6 It was also submitted, having regard to the limited quantity of the drugs involved, that each matter could have been dealt with in the Local Court. While that is correct, and while that was a matter properly to be taken into account both by her Honour and by us on appeal, it is not the law that the maximum sentences available were those that could have been imposed in the Local Court. Regina v Crombie [1999] NSWCCA 297. The sentencing exercise in this case needed to be approached by reference to the fact that the applicant had three separate prohibited substances in his possession, and that such possession was either found by the jury, or admitted by the plea, to have been for the purposes of supply.
7 In relation to the position of the applicant as a user, that was a factual issue left to the jury and rejected by it, so far as it had been asserted that he had the drugs in his possession solely for personal use. It is obvious that the sentencing judge approached the case upon the basis that the drugs were in his possession for supply.
8 This Court is a court of error, not a factual review, and I see no justification for coming to any different conclusion. Indeed, that invited, namely that by and large the ecstasy was for the applicant’s own use, would amount to pure speculation. Particularly is that so, when attention is paid to the evidence concerning the drugs, which were contained in a carry bag which the applicant had with him when stopped by police, and concerning the discovery of resealable plastic bags and a set of scales in his premises.
9 So far as it was submitted that the applicant’s criminality was mitigated by the circumstance that he had been dealing to feed an addiction, a matter which can be taken into account in appropriate circumstances, as noted in Regina v Bernath 1997 1 VR 271, and Regina v Selim NSWCCA 19 May 1998, he faces the problem that this was the very opposite of the evidence which he gave, to the effect that all of the drugs were for his own use and that he was not selling. Moreover, there was nothing in the evidence to suggest that he had an addiction as distinct from a habit, albeit a longstanding one, of using recreationally on weekends.
10 Having regard to the nature of the drugs involved and the fact that there were three offences, I am unpersuaded that the case was one which would have been appropriate for a non-custodial sentence.
11 In order to succeed, the applicant must show that some sentence other than that imposed was warranted in law and should have been passed.
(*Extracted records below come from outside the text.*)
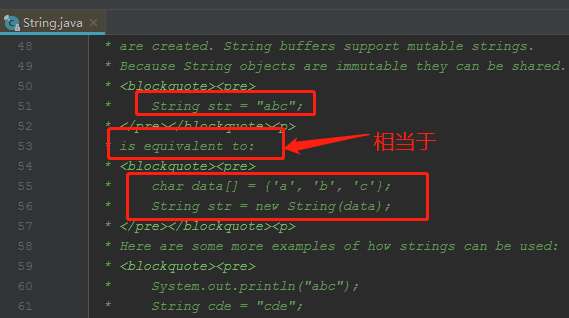 简单的来说,String 类中使用 final 关键字字符数组保存字符串。代码如下:
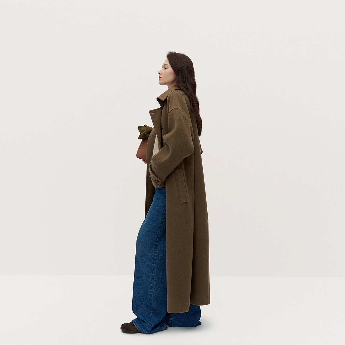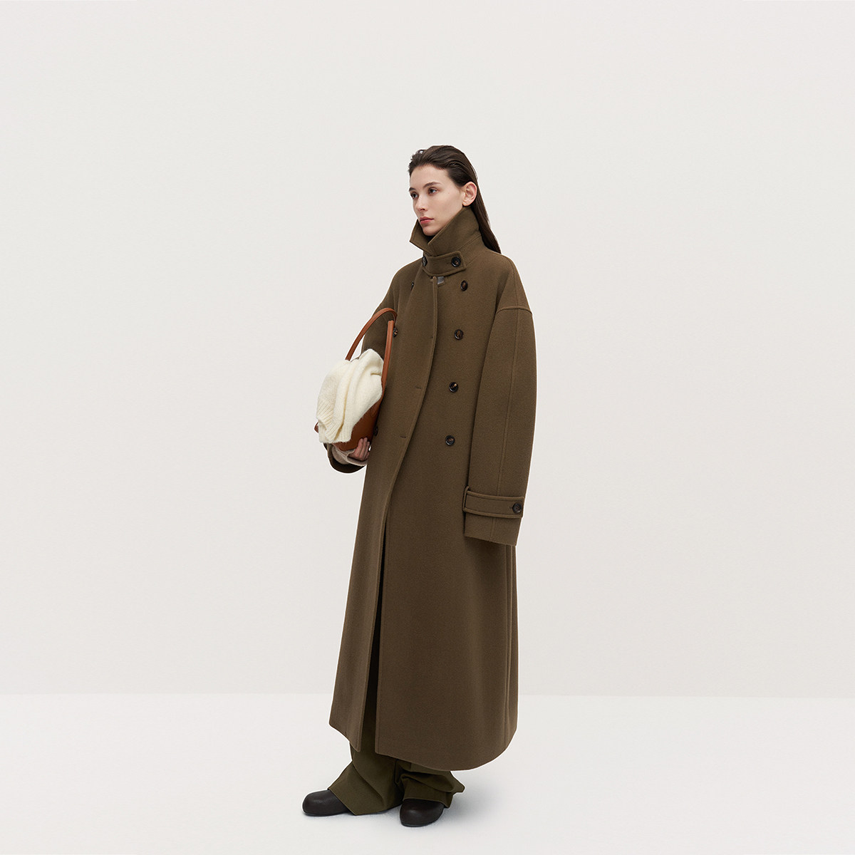 【季末折扣】欧时力 澳大利亚羊毛呢大衣排扣外套配领袢流行冬新
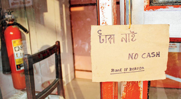 ক’দিন ধরেই সাত সকাল থেকে ব্যাঙ্ক, এটিএমের সামনে লম্বা লাইন পড়ছে। আর সেই লাইনের আড়ালে চলে যাচ্ছে রাস্তার পাশের সারি সারি দোকান। এমনিতেই দোকানের সামনে মোটরবাইক বা সাইকেল রাখলে কিছু ব্যবসায়ীর মেজাজ চড়ে যায়। কিন্তু টাকা তুলতে আসা লোকেদের তো আর সেই মেজাজ দেখিয়ে সরানো যায় না! ফলে দিনভর বেচাকেনা মার খাচ্ছে। কিন্তু লাইনও শেষ হচ্ছে না। সব দেখে ব্যবসায়ীদের হা-হুতাশ, ‘‘দোকানের মালপত্র লাইনের আড়ালে চলে যাচ্ছে। ক্রেতারা দেখতে পারছেন না। কবে যে লাইন শেষ হবে!’’
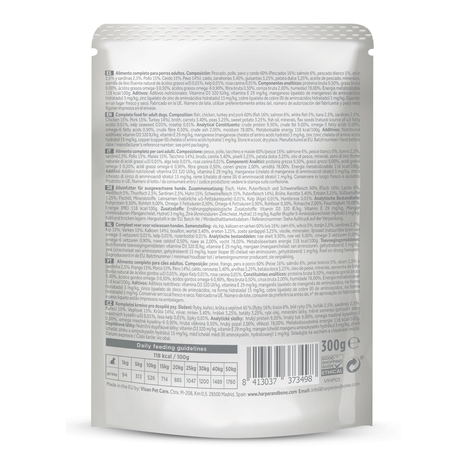 Es un alimento húmedo para perros adultos. Ofrece una receta sin cereales (Grain Free) que combina pollo y pescado como fuentes de proteínas de alta calidad, junto con vegetales, ideal para una dieta equilibrada y digestible.
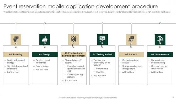 This slide illustrates event booking mobile application development process for enhancing user experience. It includes steps such as planning, design, frontend and backend development, testing and QA, launch and maintenance. Pitch your topic with ease and precision using this Event Reservation Mobile Application Development Procedure Formats Pdf. This layout presents information on Event Reservation, Mobile Application, Development Procedure. It is also available for immediate download and adjustment. So, changes can be made in the color, design, graphics or any other component to create a unique layout. This slide illustrates event booking mobile application development process for enhancing user experience. It includes steps such as planning, design, frontend and backend development, testing and QA, launch and maintenance.
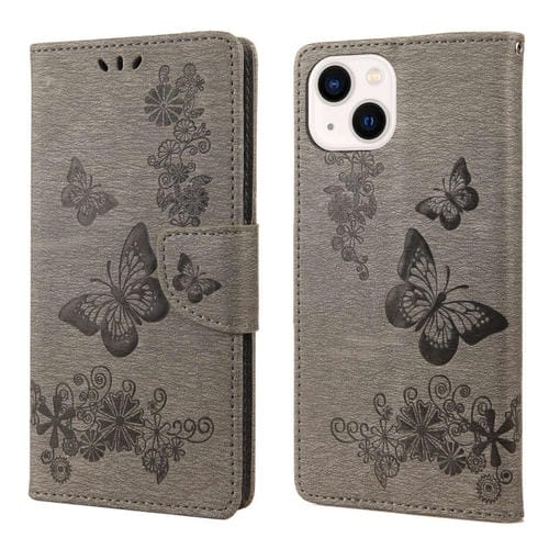 Pour iPhone 14 Étui de téléphone en cuir à rabat horizontal en relief papillon (gris)
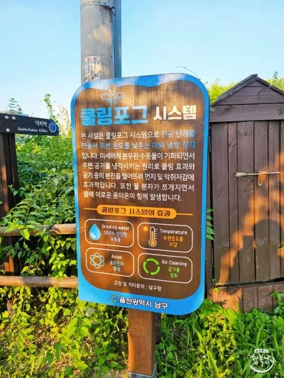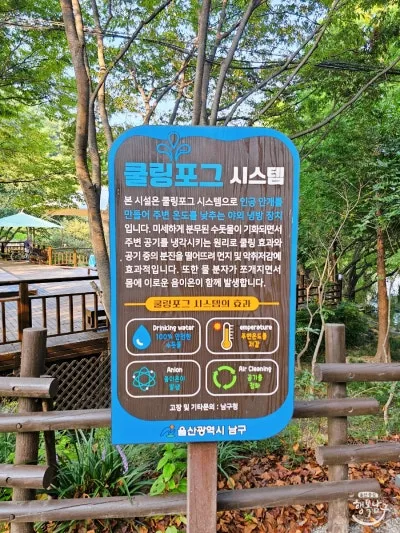 데크에서 호수를 따라 산책로를 걸으면 쿨링 포그 시스템에 대한 설명이 있는 안내판이 있습니다. 데크 앞, 산책로 끝에도 하나 있어요.
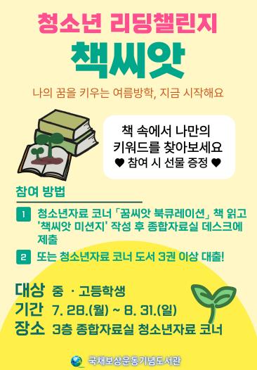 ▲ 국채보상운동기념도서관, 여름방학 청소년을 위한 ‘리딩챌린지 '책씨앗'’운영 |
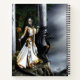 Imperiosa y radiante, esta impresionante pintura de fantasía captura a una poderosa hechicera que se encuentra al borde de un acantilado brumoso, su presencia tan llamativa como el cielo tormentoso detrás de ella. Vestida con prendas blancas y doradas que fluyen adornadas con detalles intrincados, emana elegancia y fuerza. A su lado se encuentra un dragón negro elegante, con alas parcialmente desplegadas y ojos alerta, un guardián leal. Antiguos pilares de piedra se elevan detrás de ellos, insinuando templos olvidados y civilizaciones perdidas, mientras que las montañas distantes se desvanecen en la niebla abajo.

Regina v Simpson (2001) 53 NSWLR 704 at 722-721 and Regina v Kirikian [2002] NSWCCA 422, at para 24.
12 Although the sentences were at the top of the range, particularly for the cannabis offence, I am not persuaded that this threshold has been passed, or that the applicant’s subjective circumstances were not properly catered for by a particularly favourable non-parole period.
13 I would grant leave to appeal but I would dismiss the appeal.
14 DOWD J: I agree.
15 BELL J: I also agree.
16 WOOD CJ at CL: The order of the Court will therefore be as I have proposed.